>>>>
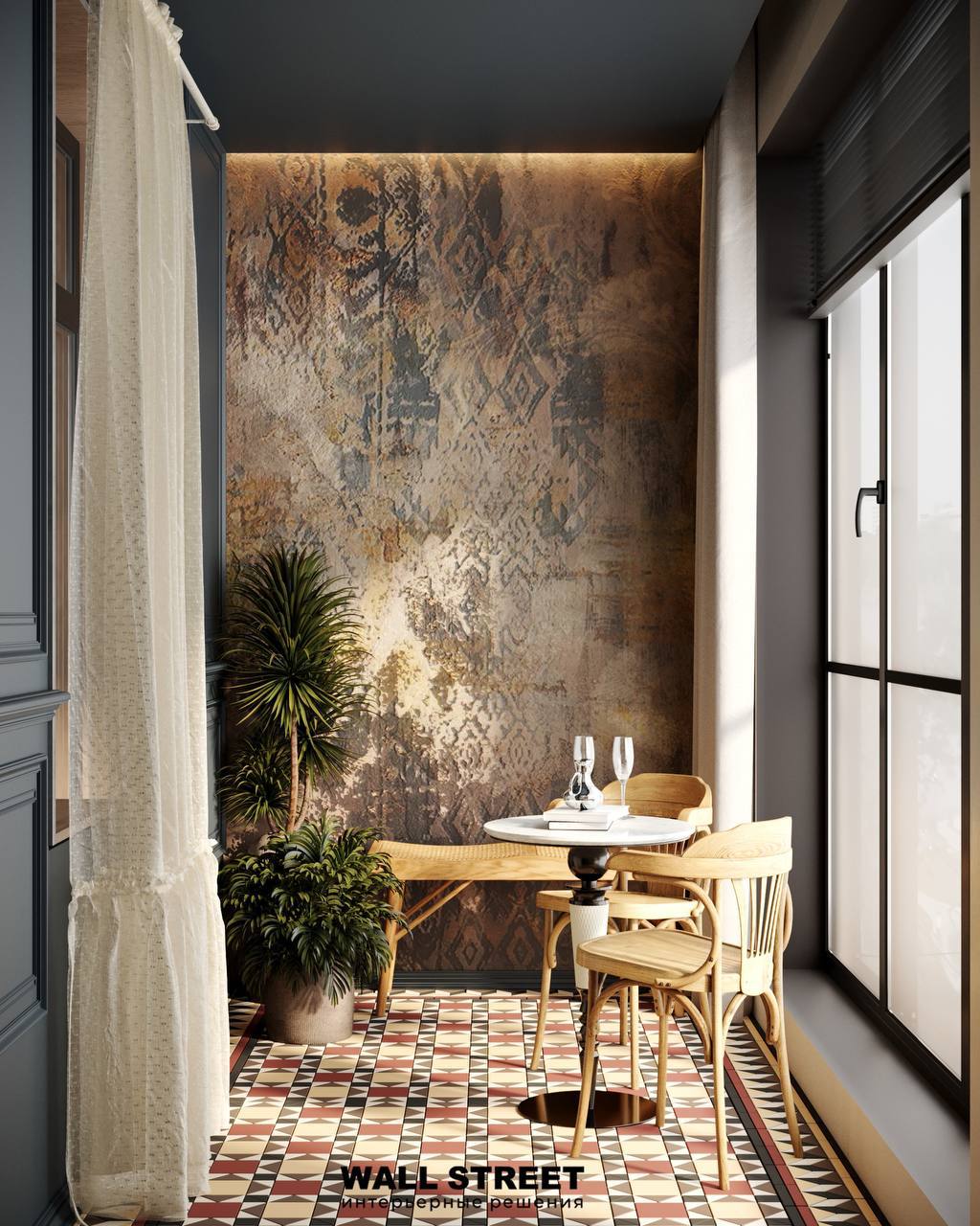 Представляем вам проект балкона с обоями из коллекции дизайнерских принтов «PROSECCO».
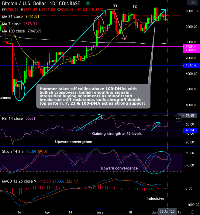 Consequently, BTCUSD (at Coinbase) bears have been drifting sideways today, as bulls have halted below $10k areas and no wonder if it may attempt to extend the rallies above $10,000. Prior to which, hammer takes-off rallies above 100-DMAs with bullish crossovers, bullish engulfing signals intensified buying sentiments, bulls seem to be shrugging-off recently occurred double top pattern, 7, 21 & 100-DMA act as strong support.
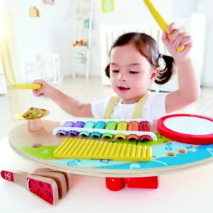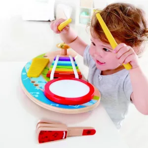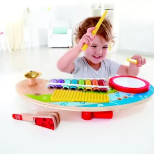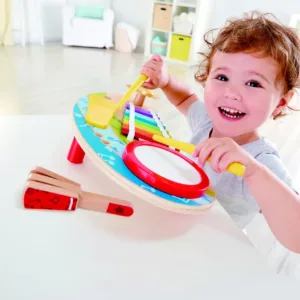 Copilul este pasionat de muzica? Sau de zornaitoare si alte jucarii care fac zogomot? Acest mini band este o solutie mult mai practica pentru a avea intr-un singur loc jucarii muzicale. Copiii vor invata sa faca muzica, vor invata diferentele de sunete intre diferitele instrumente muzicale si se va distra ore in sir. Jucaria muzicala de la HAPE este perfecta pentru copiii pasionati de muzica. Acestia se vor bucura de diversitatea instrumentelor muzicale incluse si a sunetelor. Acestia isi vor rafina auzul invatatnd diferentele intre sunetele ce provin de la fiecare instrument. Dimensiuni 44,5 x 10 x 21 cm Include tambur, xilofon, clapeta si doua bete. Tamburul are o suprafata de siliciu pentru un sunet mai moale si mai placut Sigur pentru urechile tinere conceput pentru a restrictiona emisia sunetului Copiii vor adora culorile si modelele stralucitoare Excelent pentru introducerea copiilor in combinatii sonore, dezvoltarea coordonarii mainii-ochi si a auzului Jucariile sunt realizate din lemn, folosind materiale ecologice, vopsite in culori atragatoare cu vopsele nontoxice, care depasesc cele mai inalte si stricte standarde internationale de siguranta si calitate, precum EN71, ISO9001, ASTM F963 si altele. De multi ani, Hape a creat jucarii fantastice, de inalta calitate, folosind materiale ecologice si durabile, fiecare produs fiind atent proiectat pentru a stimula abilitatile senzoriale, fizice si emotionale.
<<<<
## Task goal
Print the listing word for word, but omit the pictures.

## Response area
 Представляем вам проект балкона с обоями из коллекции дизайнерских принтов «PROSECCO».
 Consequently, BTCUSD (at Coinbase) bears have been drifting sideways today, as bulls have halted below $10k areas and no wonder if it may attempt to extend the rallies above $10,000. Prior to which, hammer takes-off rallies above 100-DMAs with bullish crossovers, bullish engulfing signals intensified buying sentiments, bulls seem to be shrugging-off recently occurred double top pattern, 7, 21 & 100-DMA act as strong support.
 Copilul este pasionat de muzica? Sau de zornaitoare si alte jucarii care fac zogomot? Acest mini band este o solutie mult mai practica pentru a avea intr-un singur loc jucarii muzicale. Copiii vor invata sa faca muzica, vor invata diferentele de sunete intre diferitele instrumente muzicale si se va distra ore in sir. Jucaria muzicala de la HAPE este perfecta pentru copiii pasionati de muzica. Acestia se vor bucura de diversitatea instrumentelor muzicale incluse si a sunetelor. Acestia isi vor rafina auzul invatatnd diferentele intre sunetele ce provin de la fiecare instrument. Dimensiuni 44,5 x 10 x 21 cm Include tambur, xilofon, clapeta si doua bete. Tamburul are o suprafata de siliciu pentru un sunet mai moale si mai placut Sigur pentru urechile tinere conceput pentru a restrictiona emisia sunetului Copiii vor adora culorile si modelele stralucitoare Excelent pentru introducerea copiilor in combinatii sonore, dezvoltarea coordonarii mainii-ochi si a auzului Jucariile sunt realizate din lemn, folosind materiale ecologice, vopsite in culori atragatoare cu vopsele nontoxice, care depasesc cele mai inalte si stricte standarde internationale de siguranta si calitate, precum EN71, ISO9001, ASTM F963 si altele. De multi ani, Hape a creat jucarii fantastice, de inalta calitate, folosind materiale ecologice si durabile, fiecare produs fiind atent proiectat pentru a stimula abilitatile senzoriale, fizice si emotionale.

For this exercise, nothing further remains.